About this exercise :: Within the listing below, give again exactly the lines between the one containing "Мешки для мусора" and the one containing "INFORMÁTICAACCESORIOS DE INFORMATICAMOUSERatón", inclusive, pictures left aside.

Records for the task ::
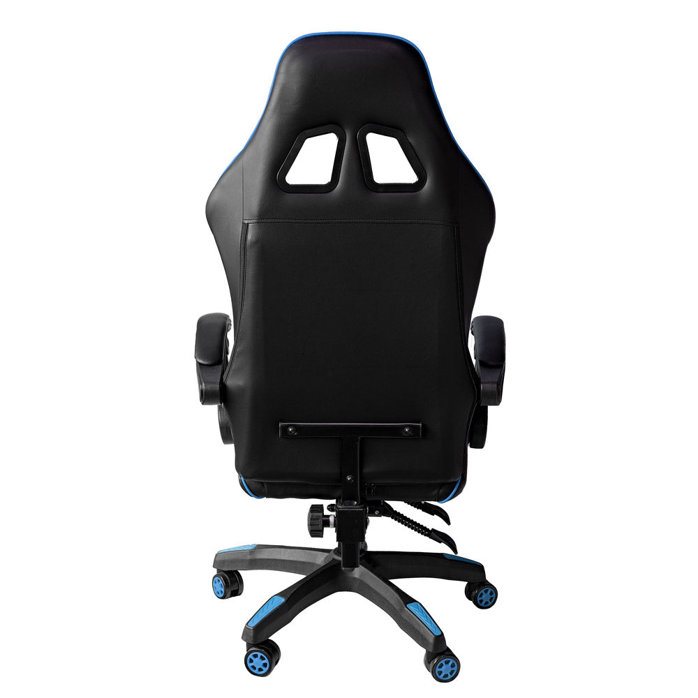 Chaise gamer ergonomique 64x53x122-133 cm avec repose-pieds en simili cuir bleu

--

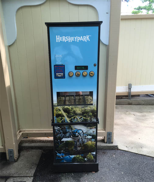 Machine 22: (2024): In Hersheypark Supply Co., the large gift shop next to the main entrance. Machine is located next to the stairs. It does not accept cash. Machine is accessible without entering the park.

==

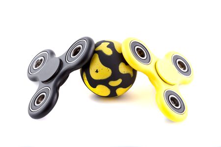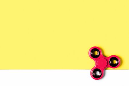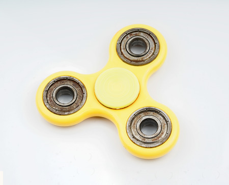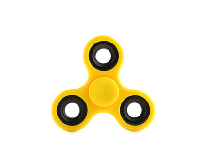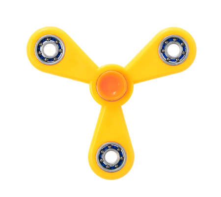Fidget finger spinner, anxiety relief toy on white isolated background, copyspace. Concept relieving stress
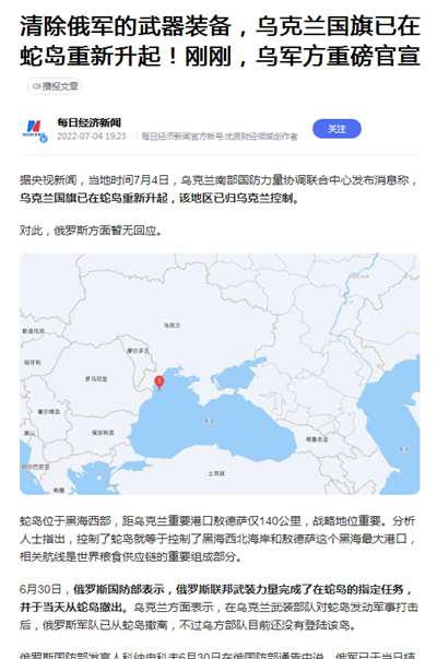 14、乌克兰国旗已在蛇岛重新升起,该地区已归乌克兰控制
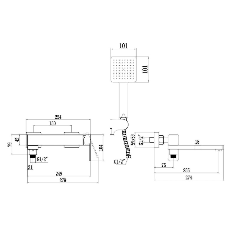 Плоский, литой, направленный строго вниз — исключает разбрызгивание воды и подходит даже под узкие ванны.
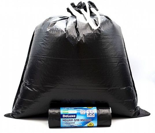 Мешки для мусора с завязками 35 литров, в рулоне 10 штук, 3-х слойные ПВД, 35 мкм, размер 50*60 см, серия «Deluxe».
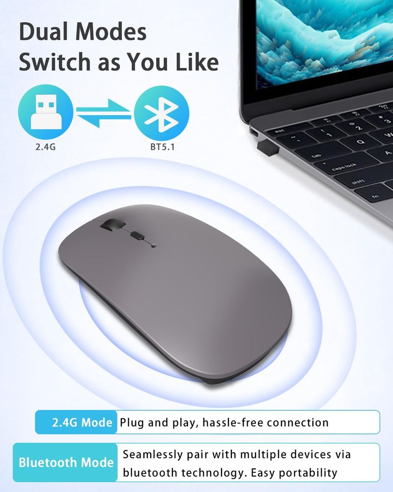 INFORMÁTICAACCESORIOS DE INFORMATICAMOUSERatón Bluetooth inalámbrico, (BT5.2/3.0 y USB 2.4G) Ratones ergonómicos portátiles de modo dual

Output for this exercise ::
 Мешки для мусора с завязками 35 литров, в рулоне 10 штук, 3-х слойные ПВД, 35 мкм, размер 50*60 см, серия «Deluxe».
 INFORMÁTICAACCESORIOS DE INFORMATICAMOUSERatón Bluetooth inalámbrico, (BT5.2/3.0 y USB 2.4G) Ratones ergonómicos portátiles de modo dual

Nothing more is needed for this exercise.